“It Charges 60 Times Faster Than Lithium-Ion …”

This sounds promising:

The graphene aluminum-ion battery cells from the Brisbane-based Graphene Manufacturing Group (GMG) are claimed to charge up to 60 times faster than the best lithium-ion cells and hold three time the energy of the best aluminum-based cells.

They are also safer, with no upper Ampere limit to cause spontaneous overheating, more sustainable and easier to recycle, thanks to their stable base materials. Testing also shows the coin-cell validation batteries also last three times longer than lithium-ion versions.

GMG plans to bring graphene aluminum-ion coin cells to market late this year or early next year, with automotive pouch cells planned to roll out in early 2024.

Based on breakthrough technology from the University of Queensland’s (UQ) Australian Institute for Bioengineering and Nanotechnology, the battery cells use nanotechnology to insert aluminum atoms inside tiny perforations in graphene planes.
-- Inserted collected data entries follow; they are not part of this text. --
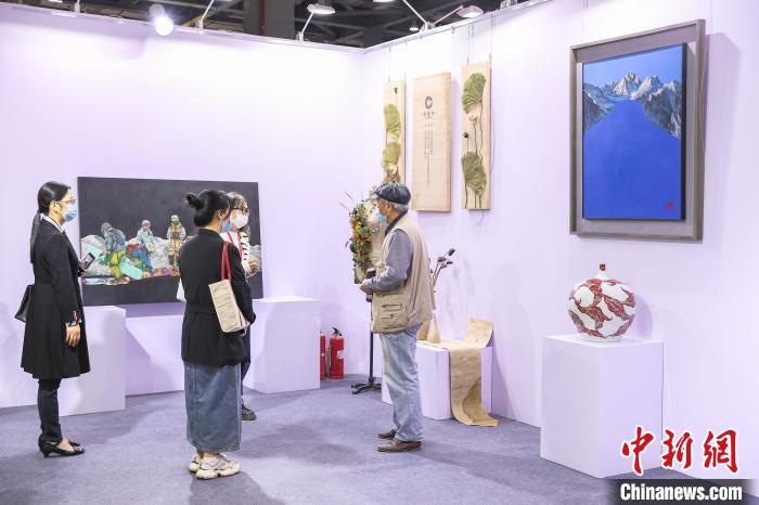 图为一位艺术家在给参观者介绍展出的作品。 刘力鑫摄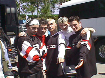 ![]() Hey wzup!Welcome to my site dedicated to the guys of "N Sync". N Sync are not the Backstreet Boys,in fact, the two groups are very different,and I am a huge fan of both bands.This summer,I met N Sync at a local mall(actually,the biggest mall in America!)located in Bloomington Minnesota. They were very courteous,although I could tell they were extremely exhausted.N Sync first hit the pop music scene in early '98 with their single "I Want You Back",and now,their album has gone platinum in Canada,and their US album has reached the top five on the "Billboard" charts. |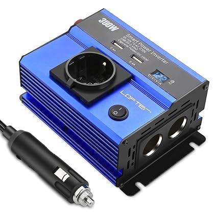 ?Zwei Arten der Stromversorgung?Die Zigarren-Kopf-Buchse und Krokodilklemme können zweifach mit Strom versorgt werden, um die Lastkraft zu erhöhen. Die Wechselstromsteckdose wird installiert und von der 12V DC-Gleichstromversorgung mit einer Autobatterie auf AC 230 V Wechselstromleistung umgestellt. Der Spannungswandler verfügt über zwei 2 USB-Anschluss und zwei Zigarettenanzünder, die mit einer Gesamtleistung von 4,8A alle Ihre Ladeanforderungen erfüllen können. Achtung: Für nur DC 12V-Fahrzeug ?6 Sicherheits-Schutz?Sicheres Ladedesign bietet Überhitzungsschutz, Überlastschutz, Kurzschlussschutz, Unterspannung, Überspannungsschutz, Überladungsschutz. Der Inverter hat eine intelligente LED-Anzeige, es zeigt Batteriekapazität, Umgebungstemperatur, USB-Spannung und Strom. Die automatische Abschaltung bei zu niedriger Batteriespannung verhindert einen übermäßigen Batterieverbrauch und stellt sicher, dass genügend Energie zum Starten des Fahrzeugs vorhanden ist. ?Leise Lüftergeräusch? Der Intelligente Kühllüfter des Umwandler bleibt während des Betriebs leise und tragen so zur Verringerung von Wärme, Sie müssen nicht mehr unter Lärm leiden. Oberflächen aus Aluminiumlegierungsmetall halten harten Umgebungsbedingungen stand und können die Kühlung effektiver unterstützen, wodurch die Lebensdauer des Produkts gewährleistet wird. ?Umfangreiche Anwendung?Der Wechselrichter kann an die Autobatterie und Zigarettenanzünder angeschlossen werden. Die Steckdose unterstützt bis zu 300 W und ist ideal für Laptops, Lampen, Camcorder, Digitalkameras, iPads und andere elektronische Geräte. Zwei Zigarettenanzünderanschlüsse können bis zu 300W ausgeben. Sie können mit diese Zigarettenanzünderanschlüsse elektronische Autostaubreiniger, Autokühlschränke und andere elektronische Produkte aufladen. ?Einfache Bedienung?Leicht und tragbar, kompaktes Design. Stecken Sie den Wechselrichter einfach in die Steckdose des Fahrzeugs oder verbinden Sie ihn mit der Batterie und setzen Sie ihn ein, um ihn zu benutzen.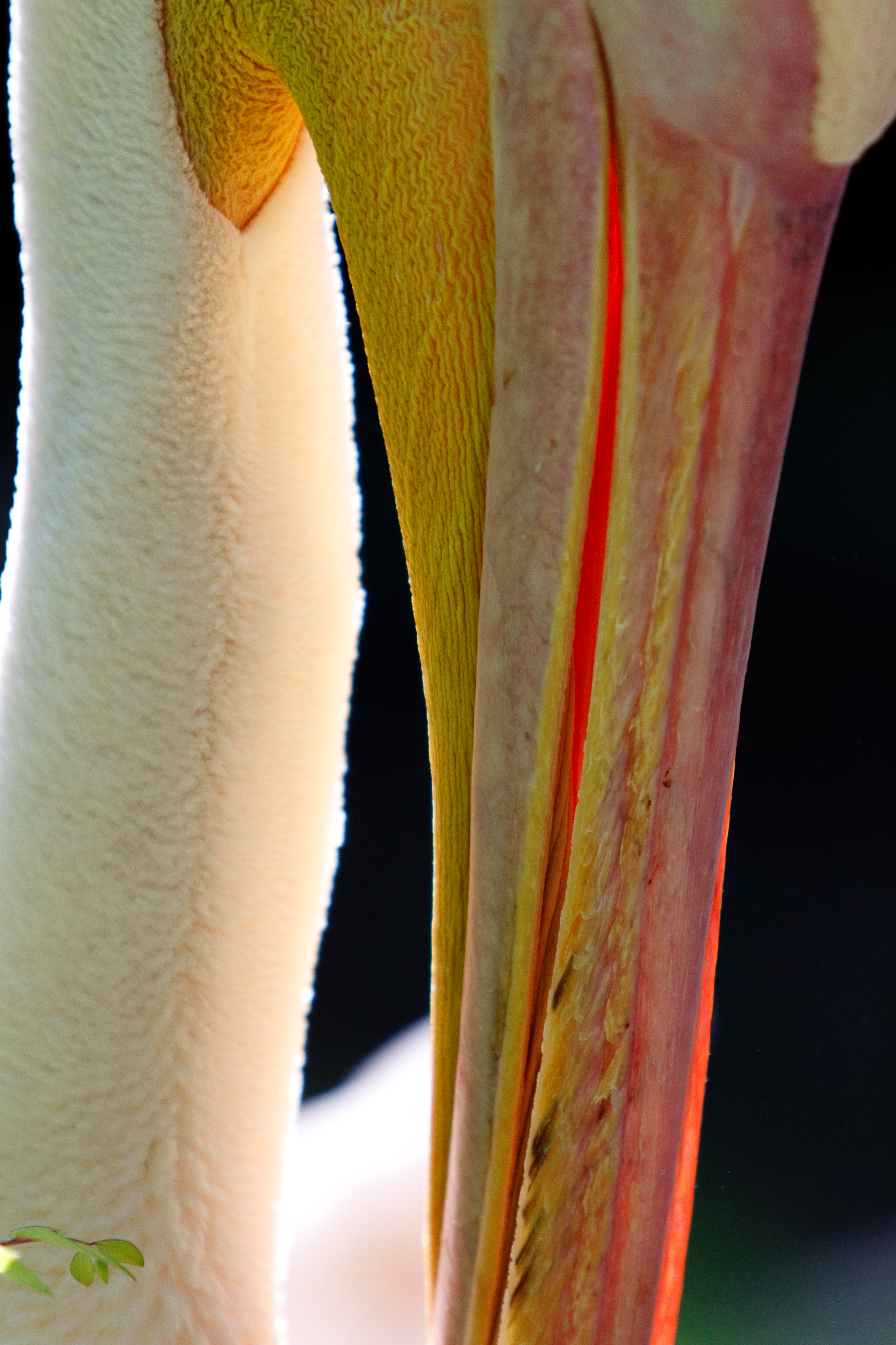 Een uitsnede van een pelikaan in de volle zon. Door de scherpte-diepte in combinatie met het tegenlicht lijkt het alsof deze buitenfoto in een zwarte kamer is gemaakt.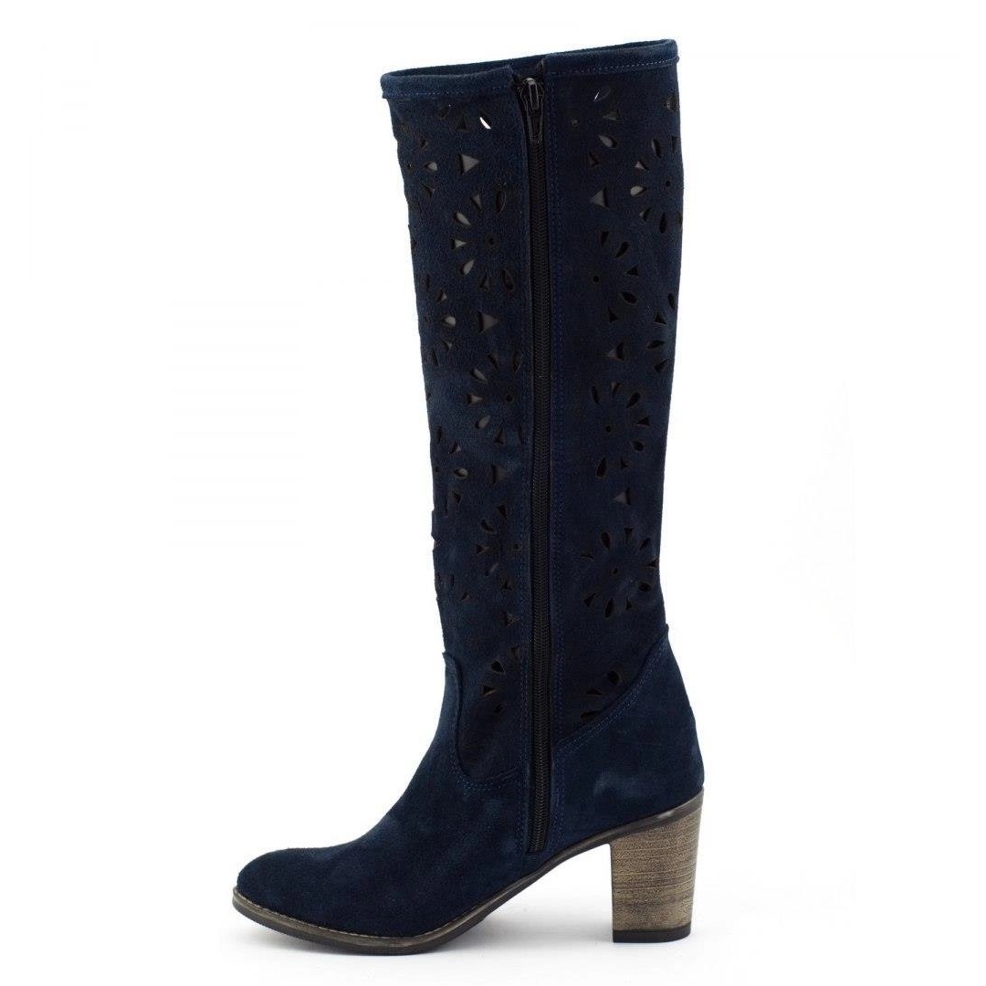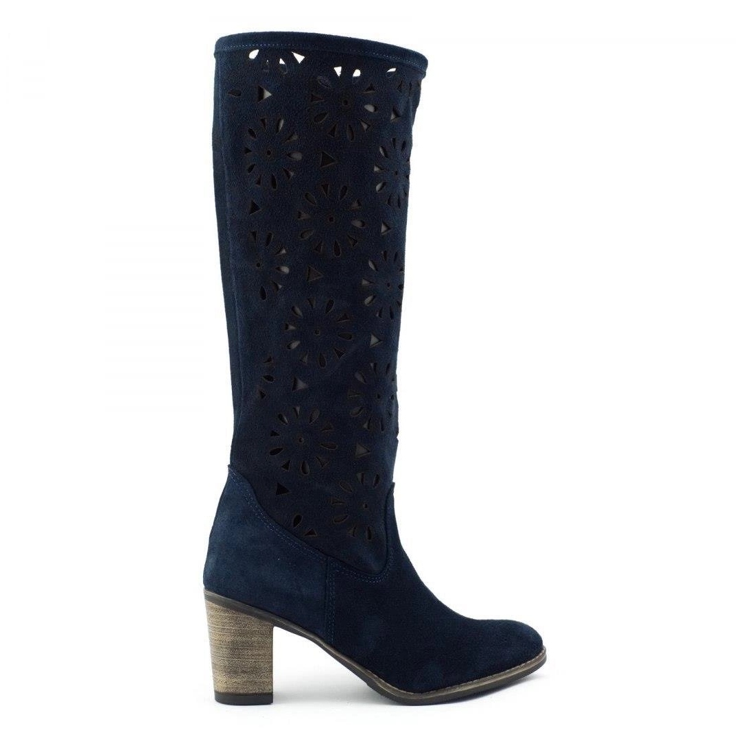 Olivier - Openwork Knee Boots, Navy Nubuk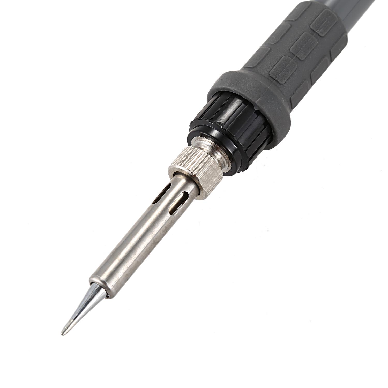 Bogate akcesoria obejmują 5 wymiennych końcówek o różnych kształtach - patrz zdjęcie, miedzianą gąbkę w metalowym pudełku do czyszczenia końcówek, metalowy stojak na pióro lutownicze, rurową puszkę, wysokiej jakości zakrzywioną szpiczastą pincetę SMD i poręczny aluminiowy śrubokręt z 8 końcówkami - 4 krzyżowymi i 4 płaskimi. Magnes neodymowy przytrzymuje bity. Całość zapakowana jest w poręczną plastikową walizkę.
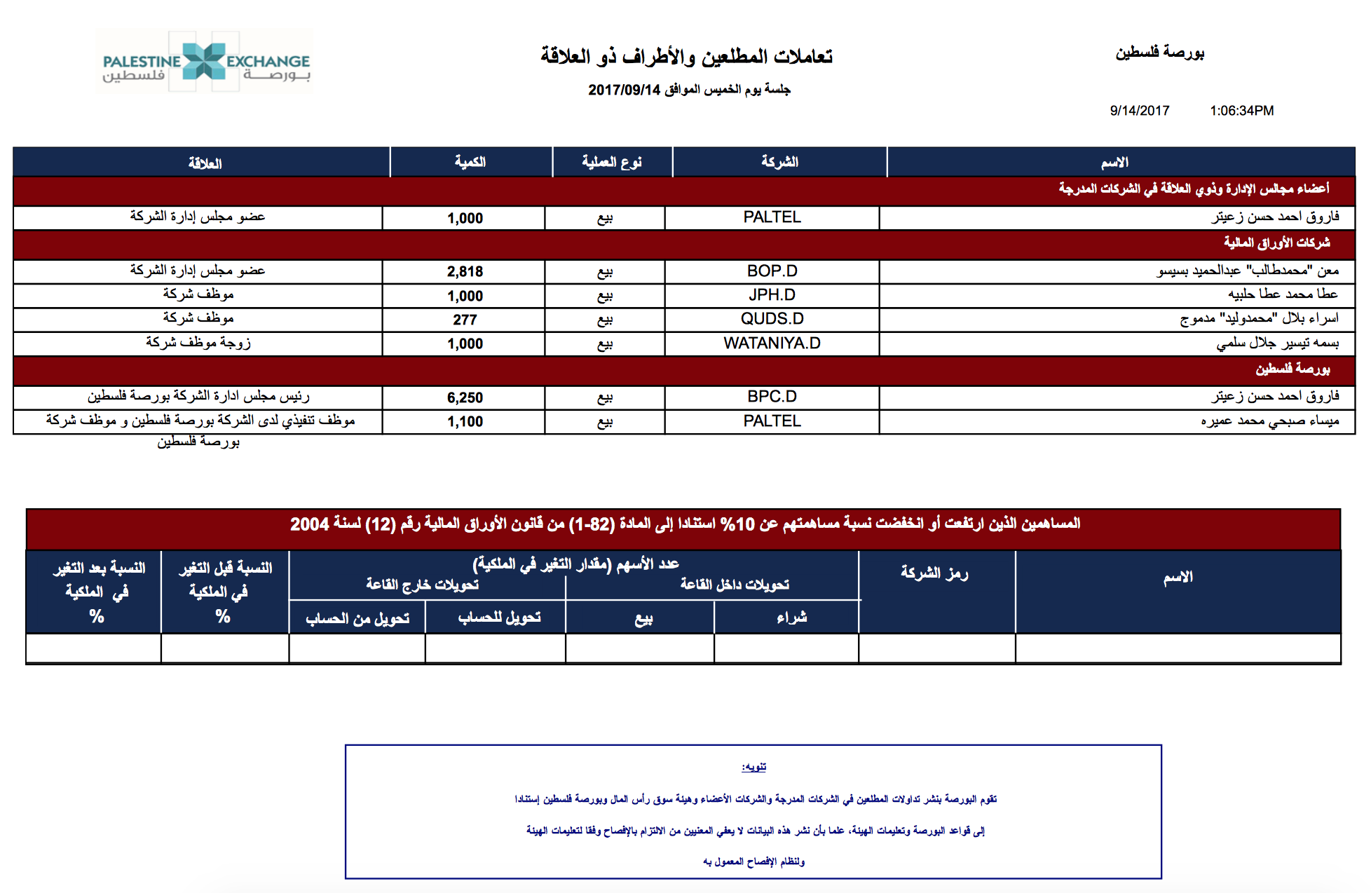 والأشخاص المطلعون بحسب بورصة فلسطين، هم الأشخاص الذين يطلعون على المعلومات الداخلية أو الأمور الجوهرية، بحكم وظائفهم وعملهم أو ملكيتهم أو علاقتهم بشكل مباشر أو غير مباشر بمن يحوز المعلومات.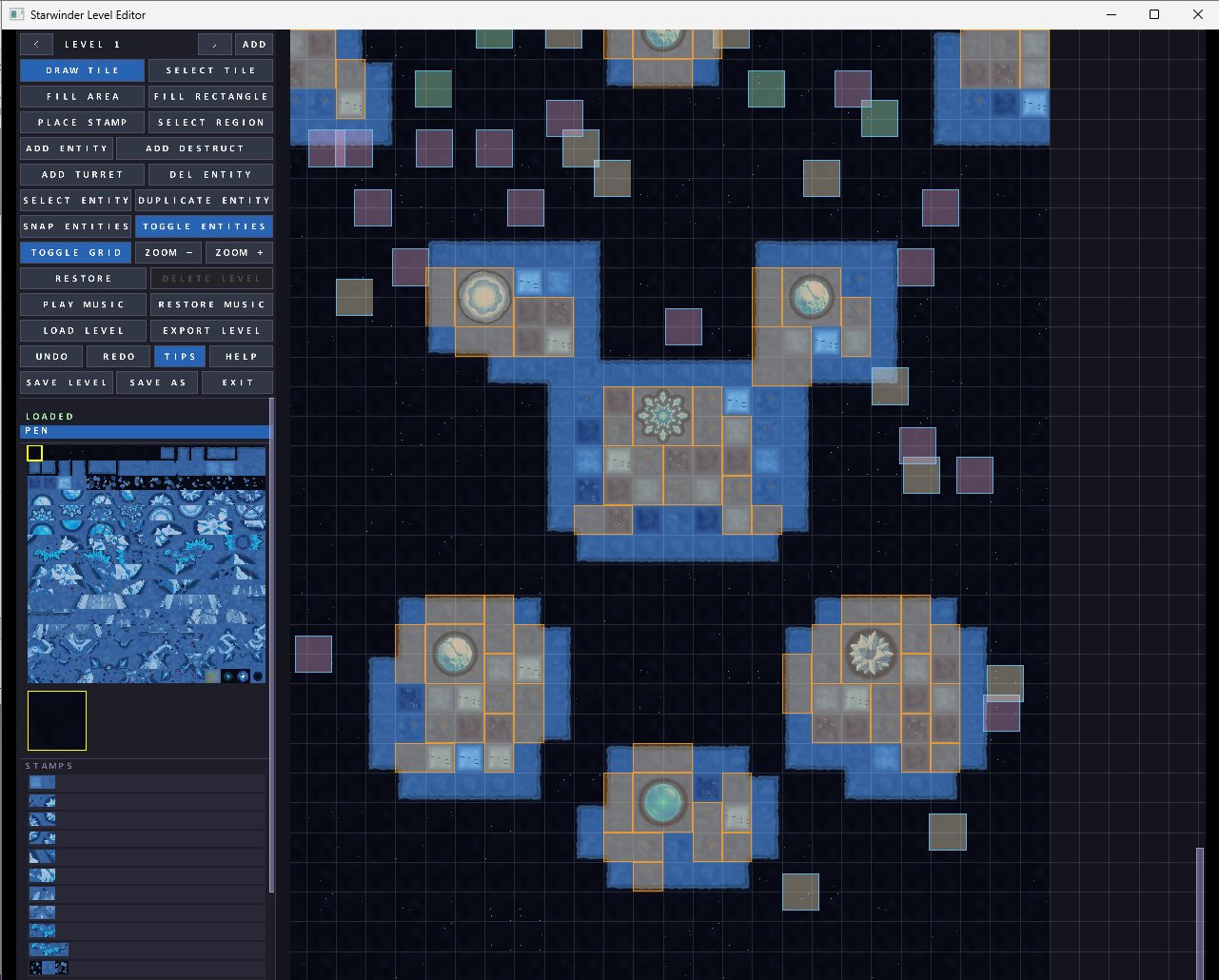 StarWinder includes a full-featured level editor. Design your own levels with custom tile maps, place enemies and obstacles, set music tracks, and share your creations. The editor ships with the game — no extra tools needed.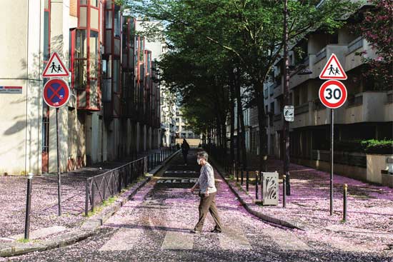 一位戴口罩的老人走在巴黎街头。法国是仅次于西班牙和意大利的欧洲疫情严重地区,法国总统马克龙4月13日宣布,将封锁措施延长至5月中旬。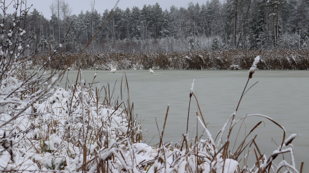 В заповеднике «Брянский лес» наступила настоящая зима, и белые лебеди постепенно привыкают к снегу и льду. Орнитологи отмечают, что птицы могут не улетать, если в пруду будет достаточно корма и вода останется незамерзшей. В Брянском лесу выпал первый настоящий снег, и это заметили даже птицы. По информации, опубликованной на странице заповедника во «ВКонтакте», зима пришла, и она заметно оживила лесные пейзажи. Сотрудники заповедника отметили, что снег выглядит красиво, несмотря на возможные трудности на дорогах, а холодная погода внесла разнообразие после затянувшегося ноября. Орнитологи наблюдают за лебедями: пока они осторожно стоят на льду, приводя в порядок пух и перья. По словам орнитолога Евгении Кайгородовой, птицы могут и не улететь, если в пруду будет достаточно корма и незамерзающая полынья. Ранее мы сообщали, что сильный снегопад накрыл Брянск и принёс новогоднее настроение. Пара лебедей осталась в заповеднике «Брянский лес» на зиму
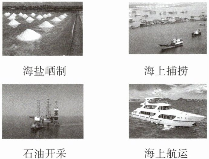 (潍坊期中)山东省潍坊市开发利用海洋历史悠久,主要利用类型有渔业养殖、海盐晒制、石油开采、海上航运等。近年来,随着生态环境保护工作的推进,对海洋的开发利用也做出了严格限制。下面为海洋主要利用类型示意图。据此回答 6~7 题。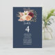 Ajude os convidados a encontrar seus lugares com este elegante cartão de assentos de casamento burgundy e azul-marinho. Com rosas em aquarela em burgundy, marfim e pêssego com grama pampas e folhagens em um fundo azul-marinho profundo, este cartão é perfeito para casamentos de outono e inverno. Personalize com o número da sua mesa e os nomes dos convidados para uma recepção lindamente organizada. Convites, menus, programas, cartões de lugar, números de mesa e sinais de boas-vindas correspondentes estão disponíveis em nossa coleção para um conjunto de casamento completo.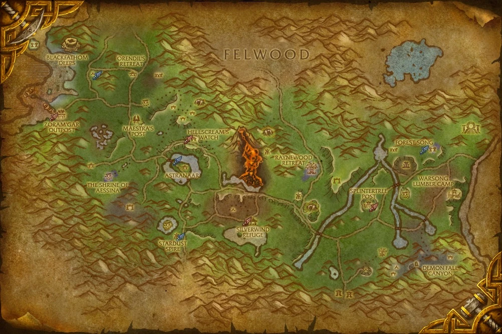 Dieser Nachtelfenwald ist eine große, ungezähmte Wildnis, der die Horde ihren Willen aufzuzwingen trachtet, sowohl politisch wie auch spirituell. Die Horde hat eine starke Präsenz in den Ländern nördlich des Brachlandes aufgebaut und die beiden Außenposten - der Splitterholzposten und der Zoram'gar-Außenposten - wollen ihr zu Ruhm gereichen. [1]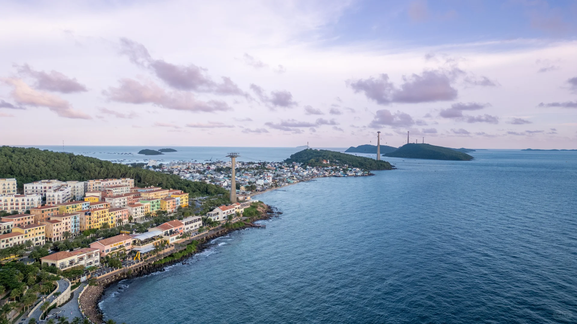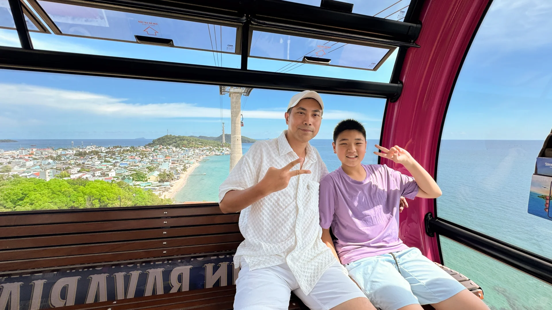 长达 7899.9米 的跨海缆车,单程20多分钟,从香岛飞向富国岛,脚下是碧蓝海水和点点渔船,像在空中旅行 🌊✨。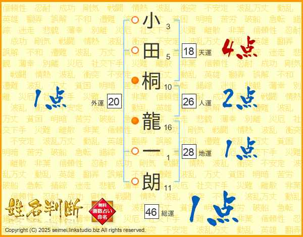 小(3画)田(5画)桐(10画) 龍(16画)一(1画)朗(11画)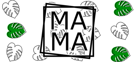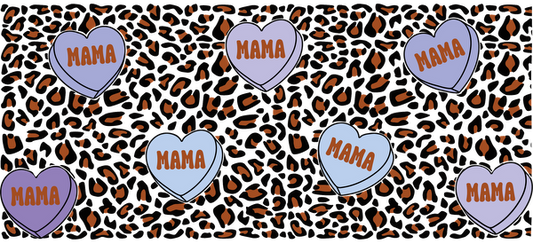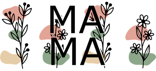 A stylish and playful graphic featuring the word "mama" in various fonts and colors, with a leopard print design included. heat press transfers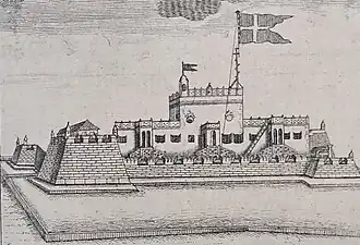 Danish India was established in 1620 at Tranquebar. A fort to secure the land and commerce in the area was constructed, given the name of Fort Dansborg.[2] Tranquebar would go on to be the center of commerce and trade conducted by Danish merchants in the Bay of Bengal.[3] Tranquebar was surrounded by the Thanjavur Nayak kingdom on land, and was to give an annual tribute to the Nayak,[4] though this right to tax Tranquebar was quickly surrendered to the Danes.[1]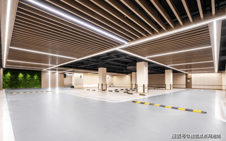 停车场:4.9m层高、贵州白木纹石材铺设的墙面、七道工序铺就的地面漆,业主回家进入小区的瞬间便能感受到回归自然的舒适。

Sounds good, doesn’t it? But good news, news about creative processes, only emerges gradually, as many – Matt Ridley to name just one – have pointed out. These batteries “are claimed” to speed up the charging process. And “automotive pouch cells” are merely “planned” to happen by a date that will hopefully be with us very soon. But things that are merely claimed or planned or just hoped-for do not necessarily happen, and certainly not always by the hoped-for date. So, if and when these batteries do end up happening, the fact that they have actually happened will be a distinct item of news. But, if and when it gets flagged up, this news item will not be that much of a revelation, because those who had already been following the story were seeing this end point of the process coming. Yeah yeah, better batteries. Cue the opinion pieces about how this is just technology as usual, with its inevitable carbon footprint, and which our children and grandchildren will mostly piss away by sending each other cat and dog videos or gibberish text messages on their dumbphones, blah blah blah.

Bad news, on the other hand, as often as not happens with one big explosion of horribleness. The badness of the news is not in doubt and everything happens all at once. A particular bit of the world goes, in one dramatic bang, from doing fine to Christ all bloody mighty what the hell was that? Hold the front page, and add opinion pieces saying that the entire world is going to hell.

Which is why, according to eyewitness accounts, the world has been going to hell ever since people got into the habit of recording such opinions. Nevertheless, opinions is all that these opinions have been. Luckily, it weren’t – and it ain’t – so.

4 thoughts on ““It Charges 60 Times Faster Than Lithium-Ion …””

  1. I wonder if, to charge batteries 60 times faster, the wire connecting the charger to the battery will have to be much thicker.

    Or possibly higher voltages will be used. In any case, the charging will be some sort of a challenge.

  2. That is exactly the kind of thing that slows the arrival of new tech. There are always more problems to be solved, with each new solution then causing a further problem or problems.

    I have no doubt that batteries along the lines described will happen, once those lines have been sorted out and once another dozen or more associated problems have been sorted. But chances are it will take a lot longer to scale up from mere prototype than was originally hoped, or at least proclaimed by the journos. Like Elon Musk says: that’s the really hard bit.

  3. Battery technology has improved and continues to, but unlike most of the other components of electronic devices, it does not follow Moore’s Law. So it is still slowish, no matter how much money is poured into it – and a *lot* of money has been poured into it in recent decades.

  4. The most mind boggling battery related thing I came across in recent years (2-3 years ago IIRC) is the fact that battery technology is getting to the point that storage systems are possibly now feasible at the power sub-station level. Which I think means a sub-station feeding on the rough order of 1000 locations (10,000?). I think the notion is that these are needed to make “green” sources more practical (no sun at night, no wind when you need it). Such will probably come in handy on Mars…although the nuclear reactor needed there should handle most any need they have!